After shuttering the Wabash Enquirer in Terre Haute, the Chapman brothers, George A. and Jacob P., moved to Indianapolis and purchased the Indiana Democrat, and Spirit of the Constitution in 1841.  The Chapmans renamed the newspaper the Indiana State Sentinel and produced its first issue on July 21, 1841.  The Sentinel was a Democratic paper and displayed on the masthead the party mascot, a rooster, with the motto, “Crow, Chapman, Crow!”[1]  The majority of Indiana’s elected officials throughout the 1840s and 1850s were Democrats, and the Sentinel became the preeminent Democratic organ in the state during these decades and the major foil to the city’s Whig and later Republican voice, the Indianapolis Journal.  The Chapman brothers issued the Sentinel as a weekly but produced a daily edition while the Indiana General Assembly was in session from 1841 to 1844.  In 1845, the newspaper inaugurated the twice-weekly Indiana State Sentinel. A tri-weekly edition also appeared during legislative sessions.  After 1853, the weekly version was called the Weekly Indiana State Sentinel.

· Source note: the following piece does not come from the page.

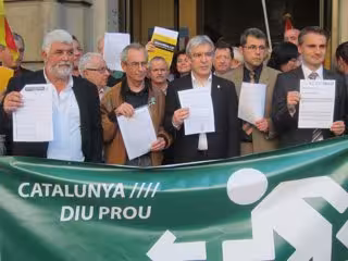 Los once ayuntamientos han formalizado el pago de sus impuestos en las respectivas delegaciones de la agencia tributaria catalana en Barcelona, Girona y Tarragona, y en la capital catalana los alcaldes han estado acompañados por una treintena de independentistas y miembros de la plataforma 'Cataluña diu Prou' --'Cataluña dice basta' en castellano--.

Austin H. Brown acquired complete control of the paper in 1850 and made it a year-round daily on April 28, 1851.  The Sentinel changed hands at least six times during the next decade, which partly contributed to the papers loss of influence and subscribers.  During the Civil War years, the Daily State Sentinel and the weekly Indiana State Sentinel were vocal critics of the Republican-controlled government.  The Sentinel’s editor, Joseph J. Bingham, was arrested by the army for treason and conspiracy.  Bingham ultimately turned government witness in the Indianapolis trial by military commission in 1864 of Harrison H. Dodd and others accused of involvement in a Copperhead conspiracy.  This turmoil contributed to the decline of the Sentinel.  In July 1865, Charles W. Hall and a partner acquired the paper and changed its name to the Indianapolis Daily Herald.  Fifteen months later, the newspaper went into receivership.  In 1868, its name reverted back to the Indianapolis Daily Sentinel, and there also appeared a weekly edition, the Indiana State Sentinel.  The paper continued to change hands until 1872 when it was acquired by the Sentinel Company, which dropped “Daily” from the title.  Circulation figures for the daily edition averaged about 6,000 between 1869 and 1888.  The name was changed several more times over the next few years before finally returning to the Indianapolis Sentinel in 1880.  The Sentinel’s weekly edition, with a strong readership among Indiana farmers and stock-raisers, enjoyed a circulation of 12,000 during this period.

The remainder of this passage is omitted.